__Assignment__
Below is a listing with pictures in it. Copy it exactly without them.

__Data excerpt__
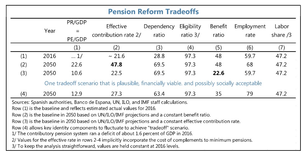 El envejecimiento de la población española, con el incremento asociado del ratio de dependencia (pensionistas / trabajadores) del 29 al 69%, supondría que el gasto en pensiones respecto del PIB se doblaría, pasando a suponer un 22,5% del PIB en 2050. Para mantener el sistema de pensiones en equilibrio financiero, las cotizaciones deberían incrementarse en veinte puntos. En otras palabras, para mantener la tasa de sustitución actual entre pensiones y salarios, habría que incrementar las cotizaciones hasta que supusieran casi la mitad de cada salario. A la inversa, si mantenemos las cotizaciones sociales cercanas a su nivel de 2016, habría que reducir la relación pensiones/salarios en 25 puntos.
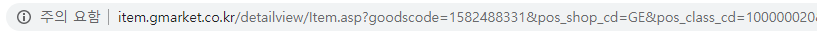 G마켓 신선식품에 있는 아무 음식이나 클릭해서 URL 을 살펴보았다.Item.asp?goodscode=1582488331&pos_shop_cd=GE&pos_class_cd=100000020
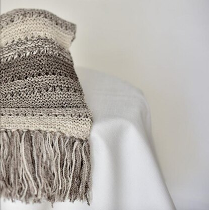 Want to do some colorwork, but haven’t mastered those advanced skills yet? Then here’s the project for you! Worked with simple stitches and a fun-but-easy color blending technique, this scarf turns three natural shades of grey into a six color accessory. With a splash of eyelets and a light finishing fringe, this is the ideal beginner’s knit!
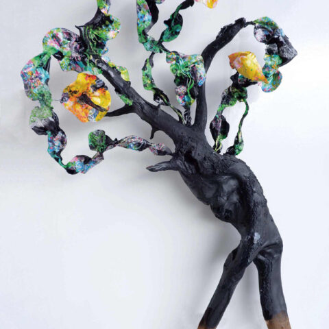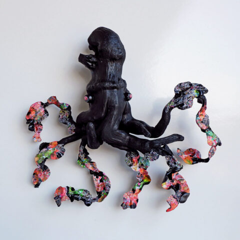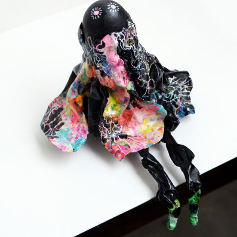人を見た目で判断する世の中に辟易し、明かりのない夜のように真っ黒の世界にいれば人の顔も見えないことに気づき、全てのモチーフを真っ黒に塗ることにした。外的情報を遮断しその物と向き合った時に本当に生きている気がした。

__Finished exercise__
 El envejecimiento de la población española, con el incremento asociado del ratio de dependencia (pensionistas / trabajadores) del 29 al 69%, supondría que el gasto en pensiones respecto del PIB se doblaría, pasando a suponer un 22,5% del PIB en 2050. Para mantener el sistema de pensiones en equilibrio financiero, las cotizaciones deberían incrementarse en veinte puntos. En otras palabras, para mantener la tasa de sustitución actual entre pensiones y salarios, habría que incrementar las cotizaciones hasta que supusieran casi la mitad de cada salario. A la inversa, si mantenemos las cotizaciones sociales cercanas a su nivel de 2016, habría que reducir la relación pensiones/salarios en 25 puntos.
 G마켓 신선식품에 있는 아무 음식이나 클릭해서 URL 을 살펴보았다.Item.asp?goodscode=1582488331&pos_shop_cd=GE&pos_class_cd=100000020
 Want to do some colorwork, but haven’t mastered those advanced skills yet? Then here’s the project for you! Worked with simple stitches and a fun-but-easy color blending technique, this scarf turns three natural shades of grey into a six color accessory. With a splash of eyelets and a light finishing fringe, this is the ideal beginner’s knit!
人を見た目で判断する世の中に辟易し、明かりのない夜のように真っ黒の世界にいれば人の顔も見えないことに気づき、全てのモチーフを真っ黒に塗ることにした。外的情報を遮断しその物と向き合った時に本当に生きている気がした。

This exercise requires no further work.